Task data —
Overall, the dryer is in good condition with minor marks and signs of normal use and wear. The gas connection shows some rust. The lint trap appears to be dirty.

* * *

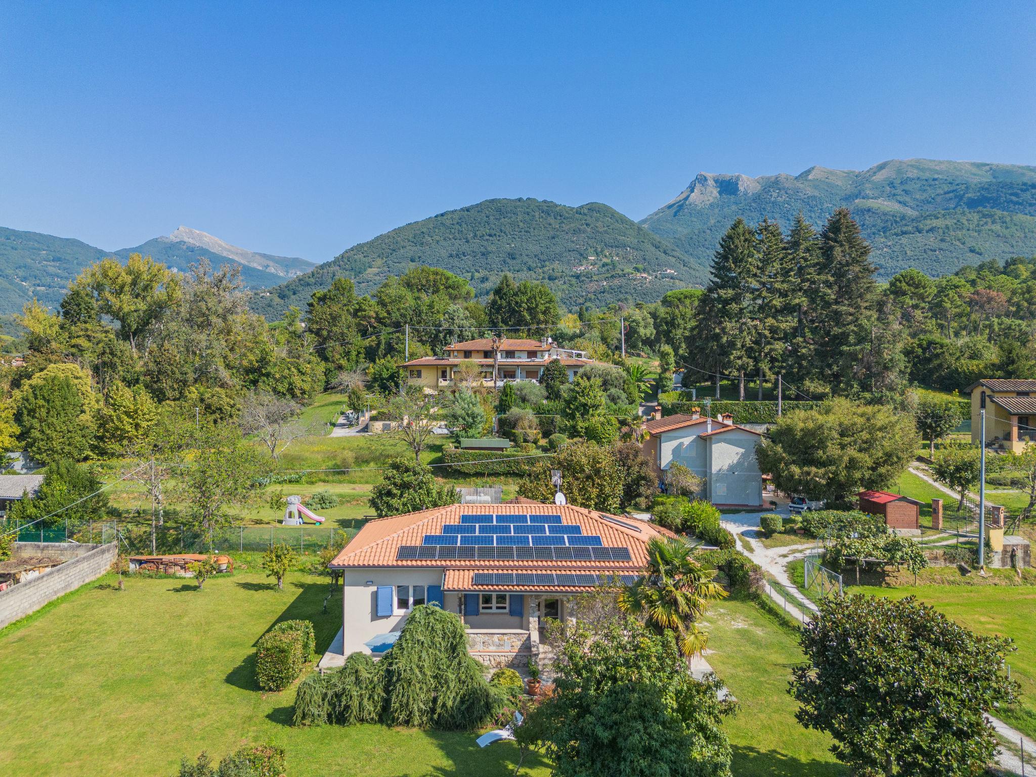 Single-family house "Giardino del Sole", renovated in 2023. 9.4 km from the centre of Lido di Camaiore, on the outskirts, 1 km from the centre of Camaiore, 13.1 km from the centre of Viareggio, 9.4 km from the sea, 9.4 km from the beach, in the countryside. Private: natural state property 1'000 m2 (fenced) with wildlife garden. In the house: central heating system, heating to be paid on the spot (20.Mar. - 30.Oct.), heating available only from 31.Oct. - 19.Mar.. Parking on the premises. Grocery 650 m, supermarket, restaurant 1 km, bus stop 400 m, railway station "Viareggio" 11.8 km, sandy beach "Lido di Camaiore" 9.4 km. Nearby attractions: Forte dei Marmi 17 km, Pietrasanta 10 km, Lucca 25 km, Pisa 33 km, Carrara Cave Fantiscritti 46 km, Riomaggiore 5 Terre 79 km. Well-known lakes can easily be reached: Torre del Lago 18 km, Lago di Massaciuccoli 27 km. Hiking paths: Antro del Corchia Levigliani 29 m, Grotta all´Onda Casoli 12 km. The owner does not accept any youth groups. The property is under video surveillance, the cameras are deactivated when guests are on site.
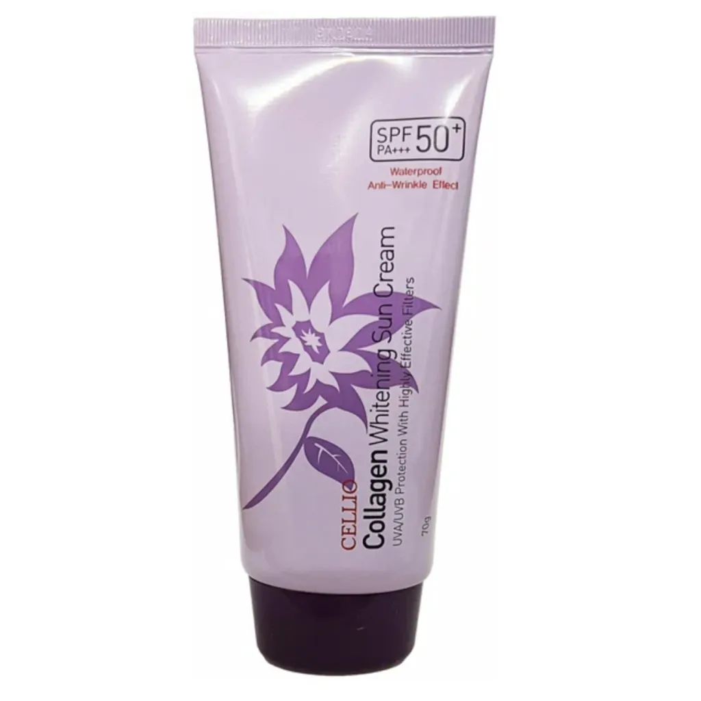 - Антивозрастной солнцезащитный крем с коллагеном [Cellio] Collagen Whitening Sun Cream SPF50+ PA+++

Task details — What you write must match the listing exactly, from the line with "are on site." up to and including the line with "- Антивозрастной солнцезащитный". Pictures stay out.

Your response —
 Single-family house "Giardino del Sole", renovated in 2023. 9.4 km from the centre of Lido di Camaiore, on the outskirts, 1 km from the centre of Camaiore, 13.1 km from the centre of Viareggio, 9.4 km from the sea, 9.4 km from the beach, in the countryside. Private: natural state property 1'000 m2 (fenced) with wildlife garden. In the house: central heating system, heating to be paid on the spot (20.Mar. - 30.Oct.), heating available only from 31.Oct. - 19.Mar.. Parking on the premises. Grocery 650 m, supermarket, restaurant 1 km, bus stop 400 m, railway station "Viareggio" 11.8 km, sandy beach "Lido di Camaiore" 9.4 km. Nearby attractions: Forte dei Marmi 17 km, Pietrasanta 10 km, Lucca 25 km, Pisa 33 km, Carrara Cave Fantiscritti 46 km, Riomaggiore 5 Terre 79 km. Well-known lakes can easily be reached: Torre del Lago 18 km, Lago di Massaciuccoli 27 km. Hiking paths: Antro del Corchia Levigliani 29 m, Grotta all´Onda Casoli 12 km. The owner does not accept any youth groups. The property is under video surveillance, the cameras are deactivated when guests are on site.
 - Антивозрастной солнцезащитный крем с коллагеном [Cellio] Collagen Whitening Sun Cream SPF50+ PA+++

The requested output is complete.